E) Covid Watch: Numbers and Developments.

The number of coronavirus cases reported from India stood at 99,95,968 with the death toll at 1,45,066. Getting vaccinated for Covid-19 will be voluntary, the Union Health Ministry has said, while underlining that the vaccine introduced in India will be as effective as any vaccine developed by other countries. The ministry further stated that it was advisable to receive a complete schedule of the anti-coronavirus vaccine irrespective of past history of infection with Covid-19 as this will help in developing a strong immune response against the disease. Vaccination for Covid-19 is voluntary. However, it is advisable to receive the complete schedule of the vaccine for protecting oneself against this disease and also to limit the spread of this disease to close contacts, including family members, friends, relatives and co-workers, the ministry said in response to a question on whether it is mandatory to take the shot.

INTERNATIONAL NEWS 

A) India, China agree to hold next round of military talks on LAC. 

India and China on Friday agreed to hold another round of talks between senior military commanders to take forward the slow-moving process of disengagement on the Line of Actual Control (LAC). This was agreed to at the 20th meeting of the Working Mechanism for Consultation and Coordination on India-China Border Affairs (WMCC) held via video link on Friday. The WMCC is ordinarily convened twice a year since the mechanism was launched in 2012 with the aim of ensuring peace on the borders, but has now met six times since June this year, following the unprecedented crisis in Ladakh erupted in early May. This followed multiple transgressions by the People’s Liberation Army (PLA) and a clash in Galwan Valley mid-June that claimed the lives of 20 Indian soldiers and an unknown number of Chinese soldiers.

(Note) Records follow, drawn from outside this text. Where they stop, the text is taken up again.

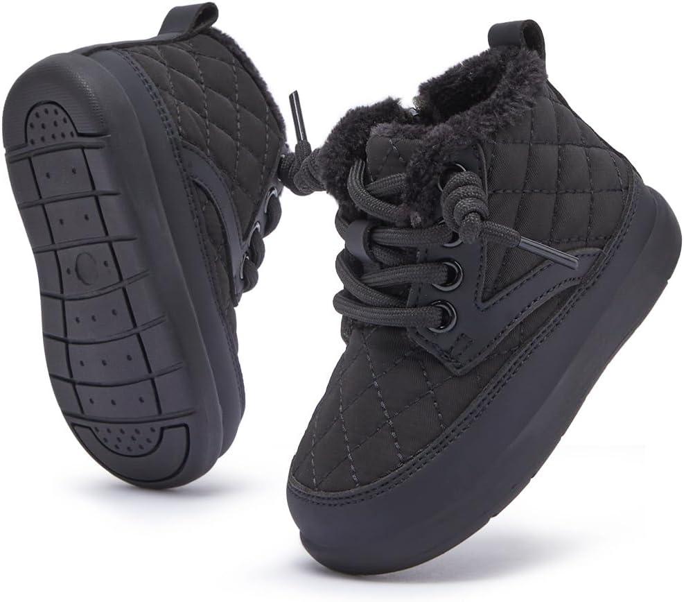 BMCiTYBM Baby Boy Girl Snow Boots Waterproof Winter Warm Booties Nonslip Lightweight Outdoor Shoes for First Walkers 6 9 12 18 24 Months(Infant/Toddler)(B-black)
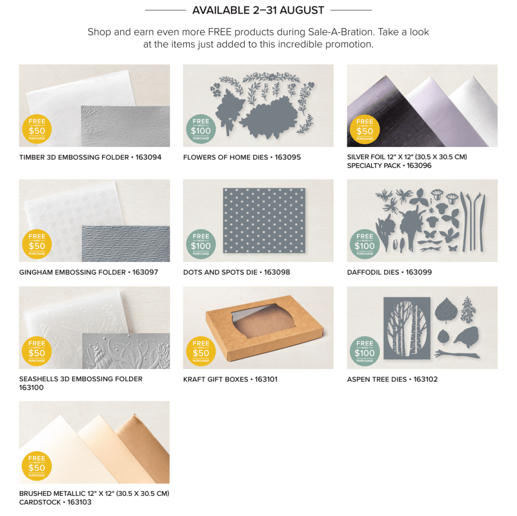 Woohoo! Stampin’ Up! has added some additional items that you can earn for FREE with orders beginning at $50 during Sale-a-bration! You can see the new items in this flyer (click on the image to open in a printable PDF format):
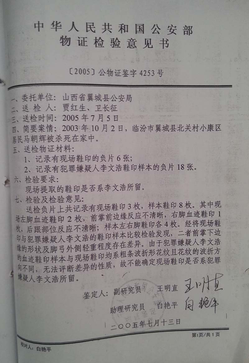 另外。本案还有另一个怪圈,以前临汾中院两次一审采信的是临汾市公安局鉴定,对杀人现场血脚印结论,认为血脚印是李文浩所留(唯一证据),规避了李文浩申请公安部的重新鉴定结论。
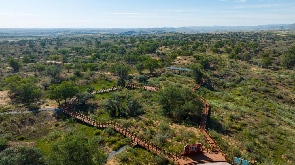 这是2025年7月22日拍摄的武威市古浪县八步沙林场。(武威市融媒体中心供图) 郭万刚把自己的侄子也喊了回来。“年轻人思路活,懂新技术,引入了无人机、打坑机、抱草机,效率提高好几倍!” 他们还在短视频平台注册“八步沙林场”账号,展示治沙场景和林场变化,吸引了网友和社会公益组织的关注。涓涓细流,新绿丛生,更多年轻人加入林场,全国各地的网友还开始了“云种树”,让古浪治沙进入“信息时代”。 风沙渐退,林场顺势发展起林下经济。他们和周边农户成立合作社,养溜达鸡,在梭梭树下嫁接肉苁蓉,治沙又致富。“乡亲们从沙漠中受益,造林护绿的积极性更高了。”郭万刚说。 虽然年事已高,但无论寒暑,郭万刚每天依旧会在天未亮时来到八步沙,检查防火、看护树苗、修剪枝丫…… “今年春天,还有一批新苗就要种下了。”他望着无垠的林海说。

B) In historic pick, Biden taps Native American Deb Haaland as interior secretary. 

President-elect Joe Biden selected New Mexico Rep. Deb Haaland as his nominee for interior secretary on Thursday, a historic pick that would make her the first Native American to lead the powerful federal agency that has wielded influence over the nation’s tribes for generations. Tribal leaders and activists around the country, along with many Democratic figures, cheered Haaland’s selection after urging Biden for weeks to choose her to lead the Department of Interior. They stood behind her candidacy even when concerns that Democrats might risk their majority in the House if Haaland yielded her seat in Congress appeared to threaten her nomination. With Haaland’s nomination, Indigenous people will for the first time in their lifetimes see a Native American at the table where the highest decisions are made, and so will everyone else, said OJ Semans, a Rosebud Sioux vote activist who was in Georgia on Thursday helping get out the Native vote for two Senate runoffs. It’s made people aware that Indians still exist, he said.